New roles nurses serving chronically ill patients
Southwestern Vermont Medical Center (SVMC) embarked on their Transitional Care journey in 2013 by redeploying and preparing acute care Clinical Nurse Specialists from the ICU, ED and Telemetry units.
November 30, 2016SVMC has partnered with all primary care practices in their service area, navigating with chronic care patients from one setting to another, working closely with the medical home, skilled nursing facilities, homecare partners and community agencies. In the past 2 years, their TCM program has expanded to include clinical pharmacists, social workers, certified diabetes educators, respiratory therapists, health promotion advocates stationed in the ED, and a leading Community Care Team (behavioral health and addiction) and Interact educator (skilled nursing facilities).
“Our Chief Nursing Officer supported us to do a pilot program with an investment of hospital resources based on declining inpatient volume jeopardizing appropriate use of Clinical Nurse Specialists. When we were able to demonstrate a consistent 68% decrease in hospital admissions for our patients, we were able to convince the CFO and CEO that this was an important part of transforming healthcare delivery and meeting the triple aim.”
Expert clinical nurse specialists–now Transitional Care Nurses, navigate with patients from one setting to another are able to clearly identify gaps in care, coordination, communication and opportunities for improvement.

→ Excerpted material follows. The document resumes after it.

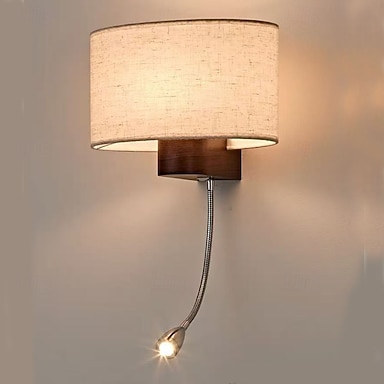 リネンの半円形ランプシェード付き壁掛け照明器具、アンビエントな寝室の壁照明、壁掛け式壁掛け照明、モダンで素朴な壁ランプ 110-240V

On the horizon for SVMC is an expansion to include maternal newborn patients with addiction/mental illness, community dietician and physical/occupational therapist (ED and community). In SVMCs community, it is clear more resources are needed to address socio-economic issues interfering with creating a healthy community, and “we are leading an accountable community of health project working closely with community partners.”